Among the 20% of Americans who suffer from GERD (gastroesophageal reflux disease), many reach for omeprazole—also known as Prilosec—for relief (1).

It’s a type of drug called a PPI, or proton pump inhibitor. A PPI helps curb symptoms of acid reflux, a common occurrence associated with GERD, by reducing the amount of acid your stomach produces. PPIs have been around since 1981, and are available by prescription or in over-the-counter form.

While omeprazole is especially popular among people suffering from GERD, it is also used for managing ulcers, certain stomach infections, conditions that cause excess stomach acid, and esophagitis. It’s estimated that as many as 15 million Americans take PPIs.

However, most doctors recommend that people only take PPIs for short periods of time.
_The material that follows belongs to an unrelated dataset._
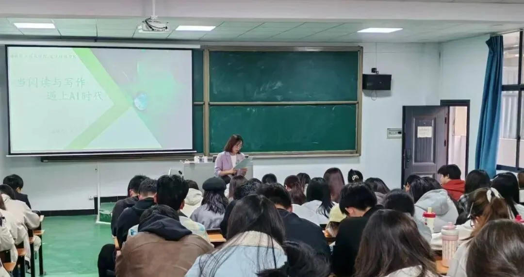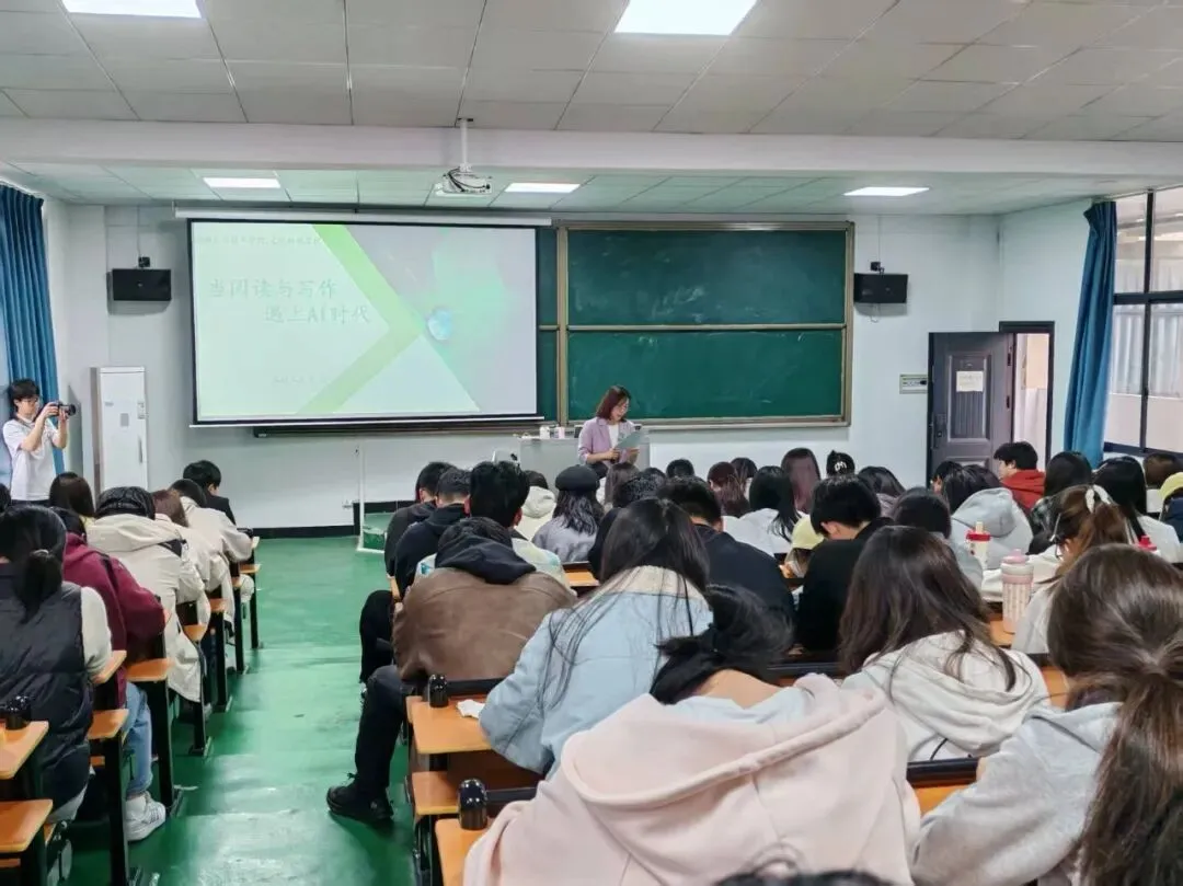 本次讲座特邀李兰老师主讲,以《当阅读与写作遇上AI时代》为题,展开一场跨越人文精神与科技未来的深度对谈。学院院长江新军亲临现场并致辞,与全体师生共同聆听这场思想盛宴,感受智慧碰撞,汲取精神力量。

They only treat symptoms of GERD. They don’t resolve the root cause of the disease, and long-term use of the drug is associated with a range of health risks (2).

Side Effects of Omeprazole

While many people take omeprazole without experiencing side effects, there is a risk of the following (3):

  • Nausea
  • Vomiting
  • Headache
  • Diarrhea


Omeprazole may also increase the risk of the following health concerns:

  • Spine and Wrist Fractures in Postmenopausal People (especially if you’ve been taking it for over a year or at a high dose) (4)
  • Pneumonia (5)
  • Deficiencies of Vitamin B12 or Magnesium (6)
  • Bacterial Colon Inflammation


Long-term use of omeprazole also comes along with a more serious set of risks. This is one of the reasons that experts usually suggest only taking PPIs for 4 to 8 weeks unless your doctor says otherwise. Long-term omeprazole use may increase the risk of gastric cancer and chronic kidney disease, or even an increased risk of mortality (7, 8, 9).

Unfortunately, omeprazole also comes with another downside: the difficulty of quitting the drug. Many people who stop taking PPIs experience a rebound in stomach acid production, even if their GERD is under control and being treated (10, 11). Experts advise that after quitting, people may experience acid reflux symptoms for about two weeks. After that, the rebound hyperacidity will usually resolve and you’ll feel like yourself again.

Interactions of Omeprazole

An important thing to note is that omeprazole can interact with the blood thinner Plavix and reduce its effectiveness, so avoid taking these two drugs together. Other drugs that should not be taken with omeprazole include:

  • Clopidogrel
  • Nelfinavir
  • Rifampin
  • Delavirdine
  • Rilpivirine
  • St. John’s wort
  • Risedronate
Wooden spoon filled with capsules of St. John's Wort with St. John's Wort flower beside it.

If you take other medications and are considering taking a PPI, always check with your doctor first. Some drugs may interact with omeprazole but can still be taken with them, but in this case, you’ll want your doctor to know so that you can monitor for any potential issues.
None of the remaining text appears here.